* Exercise details:
Nothing but the text belongs in the answer: the listing below, copied exactly, without pictures.

* Given data:
##########

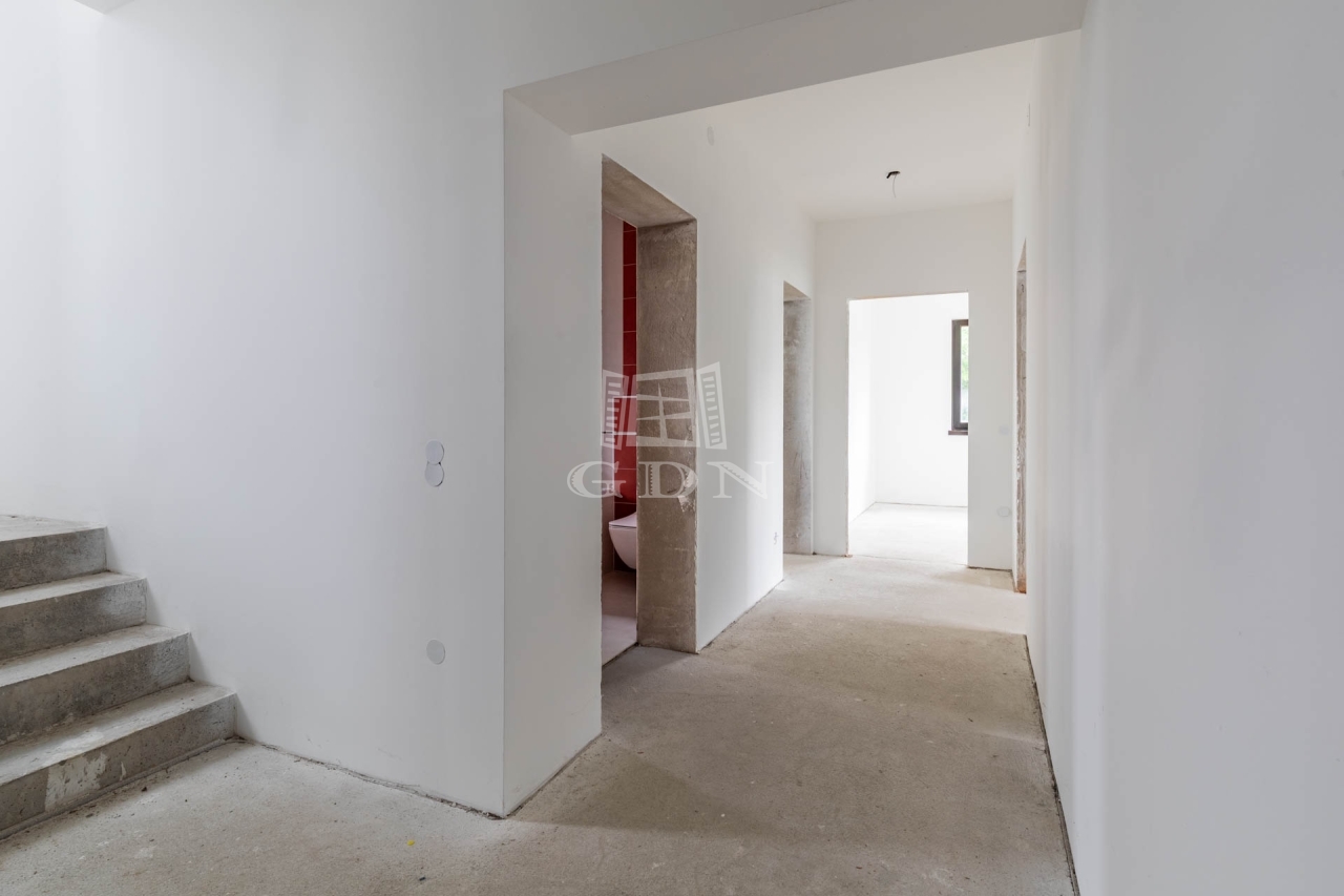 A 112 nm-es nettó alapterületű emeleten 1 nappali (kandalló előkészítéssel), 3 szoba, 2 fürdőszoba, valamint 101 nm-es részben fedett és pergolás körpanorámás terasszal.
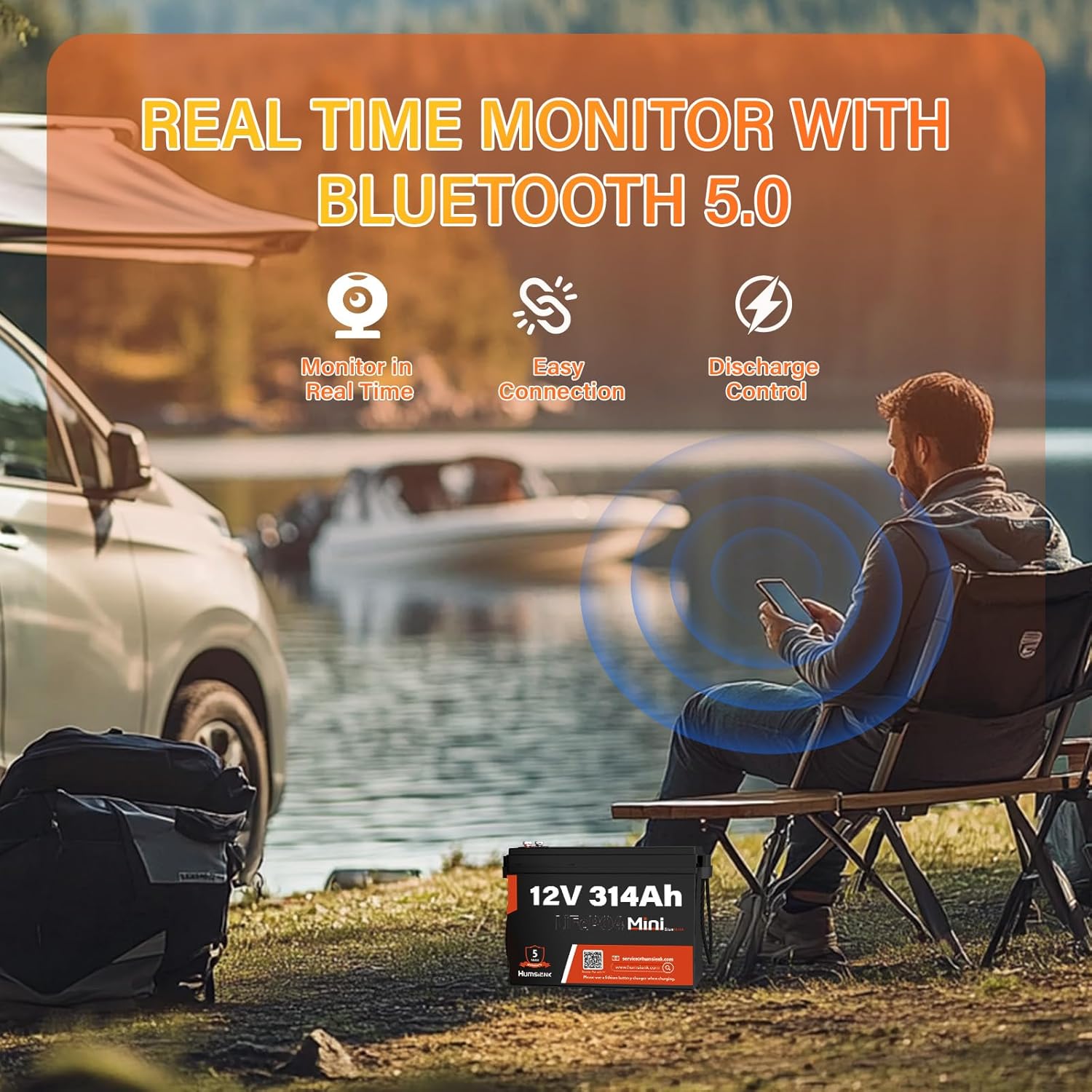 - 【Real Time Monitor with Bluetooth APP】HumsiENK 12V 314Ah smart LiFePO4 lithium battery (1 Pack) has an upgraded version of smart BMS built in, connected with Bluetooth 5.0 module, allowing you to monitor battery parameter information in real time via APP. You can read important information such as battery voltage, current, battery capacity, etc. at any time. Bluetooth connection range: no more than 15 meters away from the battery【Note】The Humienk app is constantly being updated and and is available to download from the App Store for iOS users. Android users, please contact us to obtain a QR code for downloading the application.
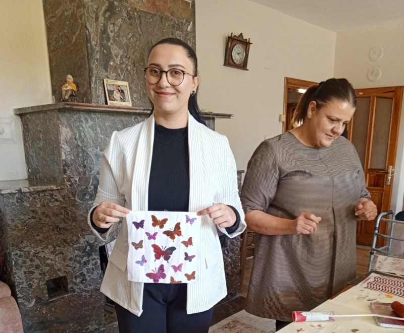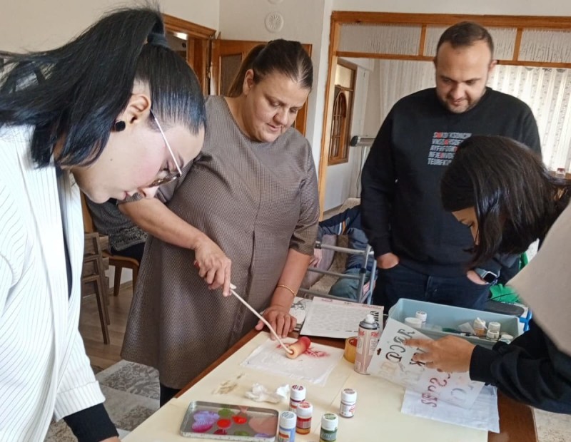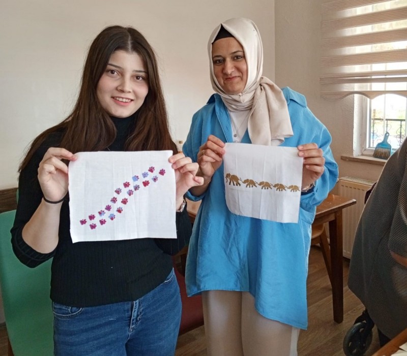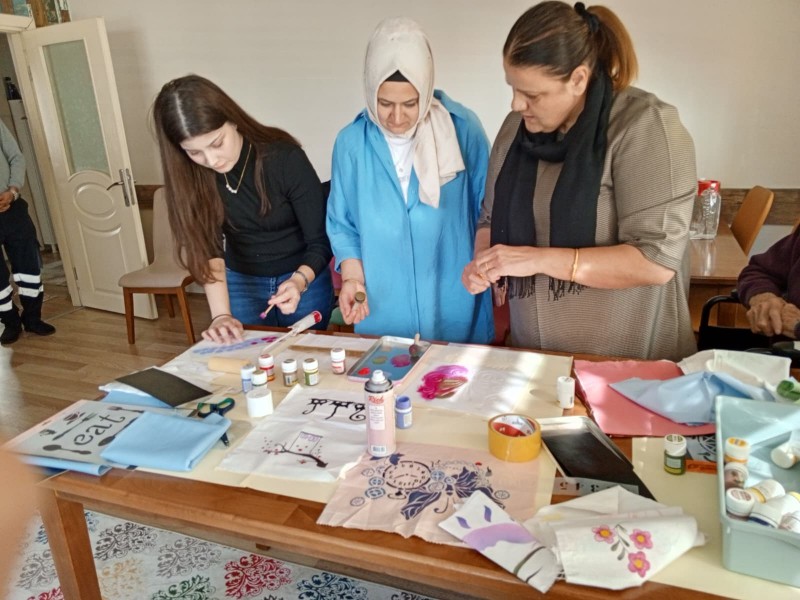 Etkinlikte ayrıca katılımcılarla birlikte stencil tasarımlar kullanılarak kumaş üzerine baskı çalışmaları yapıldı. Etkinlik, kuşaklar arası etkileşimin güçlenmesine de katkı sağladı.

##########

* Answer:
 A 112 nm-es nettó alapterületű emeleten 1 nappali (kandalló előkészítéssel), 3 szoba, 2 fürdőszoba, valamint 101 nm-es részben fedett és pergolás körpanorámás terasszal.
 - 【Real Time Monitor with Bluetooth APP】HumsiENK 12V 314Ah smart LiFePO4 lithium battery (1 Pack) has an upgraded version of smart BMS built in, connected with Bluetooth 5.0 module, allowing you to monitor battery parameter information in real time via APP. You can read important information such as battery voltage, current, battery capacity, etc. at any time. Bluetooth connection range: no more than 15 meters away from the battery【Note】The Humienk app is constantly being updated and and is available to download from the App Store for iOS users. Android users, please contact us to obtain a QR code for downloading the application.
 Etkinlikte ayrıca katılımcılarla birlikte stencil tasarımlar kullanılarak kumaş üzerine baskı çalışmaları yapıldı. Etkinlik, kuşaklar arası etkileşimin güçlenmesine de katkı sağladı.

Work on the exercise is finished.